Transcribe exactly the lines from the top of the records below through the line that holds "Brățară din jad", both included, with no pictures.

(Excerpts from a dataset)
◆ ◆ ◆ ◆
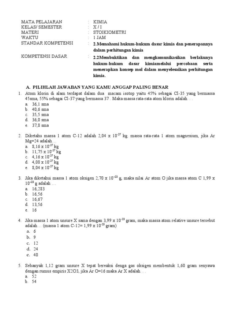 Soal Dan Pembahasan Stoikiometri Massa Unsur Dalam Senyawa …
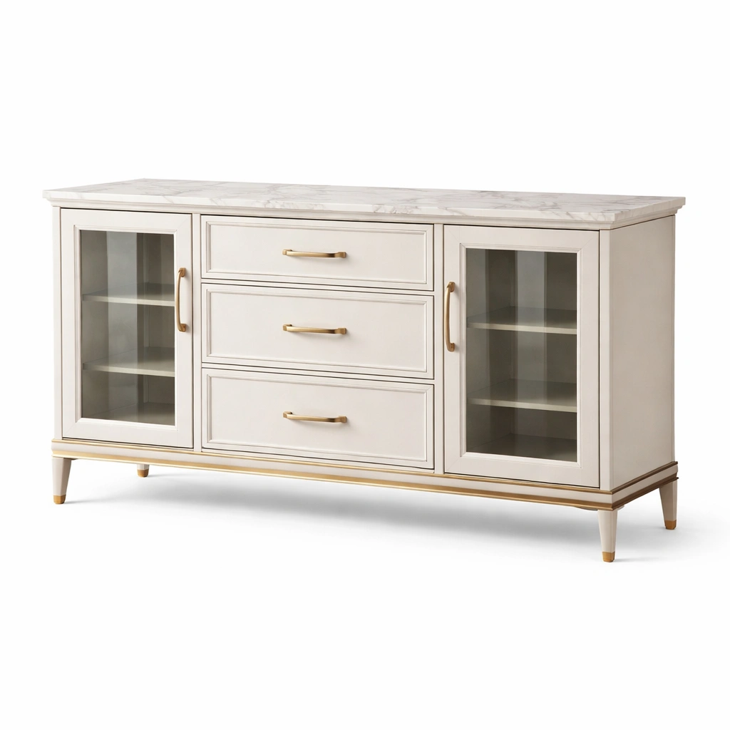 Aparador de madera con superficie de mármol y puertas de vidrio templado
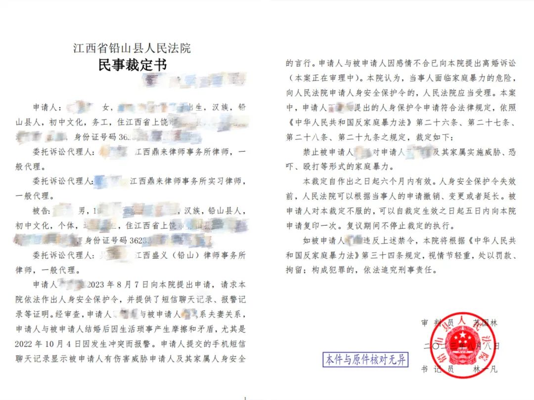 近日,铅山法院在审理一起离婚纠纷案件的过程中,依法以裁定书的形式发出本院人身安全保护令,为家暴受害者丁某某撑起法律“保护伞”。
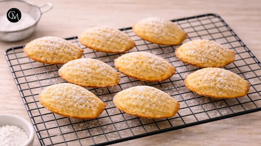 Allow the madeleines to rest in the pan for five minutes, then transfer them to a cooling rack. Enjoy warm or lightly sprinkle with powdered sugar.
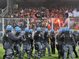 Genoa, Italy – The Euro 2012 qualifier between Italy and Serbia had to be called Tuesday as a group of Serbian fans rioted inside and outside the Luigi Ferraris stadium.
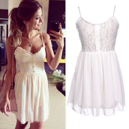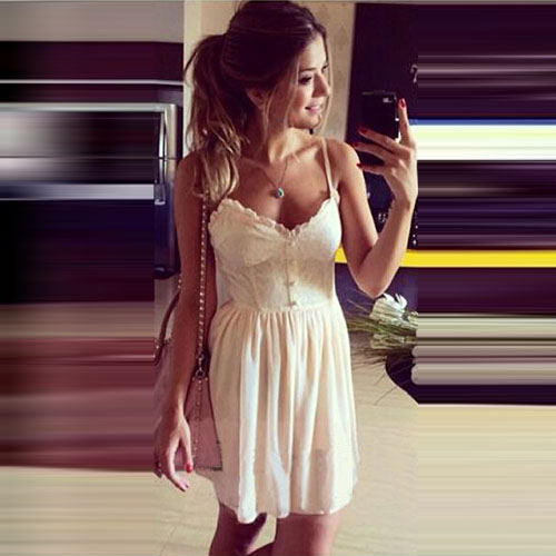 Sexy Lace Spliced V-neck High Waist Sling Dress
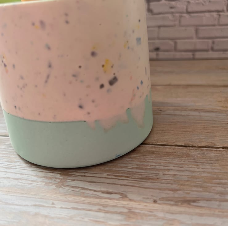 A celebration of summer in miniature form. This handcrafted pot stands just under 3 inches tall, with a 3-inch base that feels perfectly balanced in the palm. The lower half glows in a refreshing peppermint hue—cool, crisp, and reminiscent of garden mint on a sunny day. Above, a soft white top is playfully speckled with terrazzo fragments in cheerful colours, evoking the joyful scatter of confetti at a celebration.
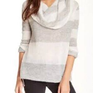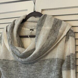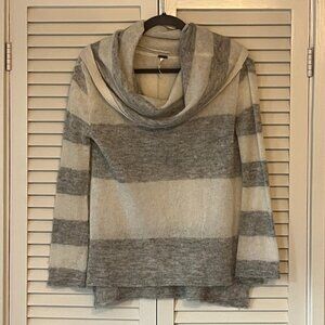 Free People women's striped cowlneck sweater top, size small. Light grey and white. Alpaca blend. Thin, lightweight fabric, slightly sheer. Gently worn, in very good used condition. Very light pilling/signs of wear. No rips or stains. See photos.
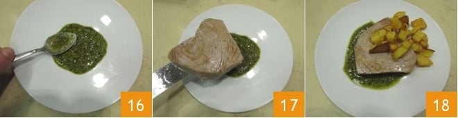 Place a spoonful of pistachio pesto on each plate 16, lay the tuna fillet on top 17, and add the golden potatoes. Your tuna fillet with pistachio pesto is ready to be served 18!
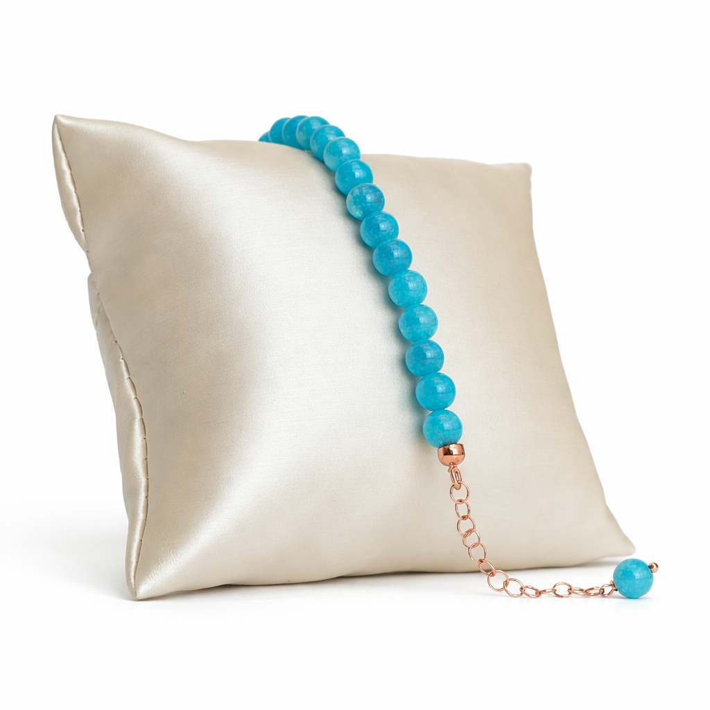 Brățară din jad verde acvatic și cuarț hidrotermal, cu sfere de 6 mm.
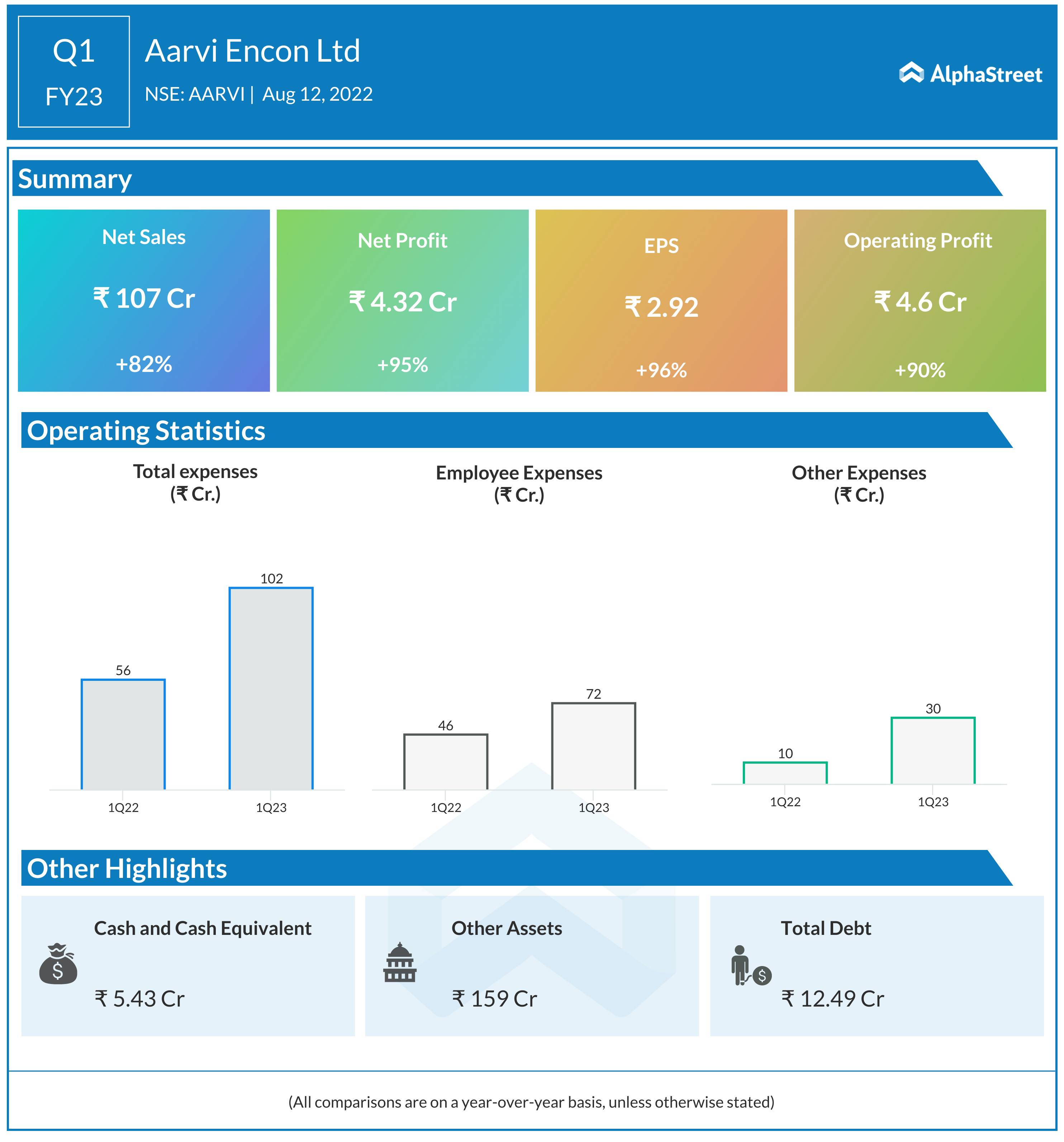 Aarvi Encon declared its financial results for the quarter ended June 2022 wherein the company’s net sales rose by 82% to INR 106.64 Crores while the net profit rose by 95% to a whopping INR 4.32 Crores. With such rise in the topline of the company, the expenses too have risen proportionately as a result of which the operating profit of the company stands at INR 4.6 Crores. Though this a phenomenal growth of 90%. The company registered an EPS of INR 2.92 which is yet again an increase of 96%
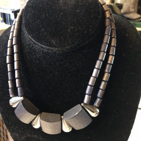 Hyvässä kunnossa kaulakoru,väri hopea ja musta .Roiku musta värisillä nahka "ketjulla".Itse koru noin 6.5 cm.
◆ ◆ ◆ ◆
> Exercise answer:
 Soal Dan Pembahasan Stoikiometri Massa Unsur Dalam Senyawa …
 Aparador de madera con superficie de mármol y puertas de vidrio templado
 近日,铅山法院在审理一起离婚纠纷案件的过程中,依法以裁定书的形式发出本院人身安全保护令,为家暴受害者丁某某撑起法律“保护伞”。
 Allow the madeleines to rest in the pan for five minutes, then transfer them to a cooling rack. Enjoy warm or lightly sprinkle with powdered sugar.
 Genoa, Italy – The Euro 2012 qualifier between Italy and Serbia had to be called Tuesday as a group of Serbian fans rioted inside and outside the Luigi Ferraris stadium.
 Sexy Lace Spliced V-neck High Waist Sling Dress
 A celebration of summer in miniature form. This handcrafted pot stands just under 3 inches tall, with a 3-inch base that feels perfectly balanced in the palm. The lower half glows in a refreshing peppermint hue—cool, crisp, and reminiscent of garden mint on a sunny day. Above, a soft white top is playfully speckled with terrazzo fragments in cheerful colours, evoking the joyful scatter of confetti at a celebration.
 Free People women's striped cowlneck sweater top, size small. Light grey and white. Alpaca blend. Thin, lightweight fabric, slightly sheer. Gently worn, in very good used condition. Very light pilling/signs of wear. No rips or stains. See photos.
 Place a spoonful of pistachio pesto on each plate 16, lay the tuna fillet on top 17, and add the golden potatoes. Your tuna fillet with pistachio pesto is ready to be served 18!
 Brățară din jad verde acvatic și cuarț hidrotermal, cu sfere de 6 mm.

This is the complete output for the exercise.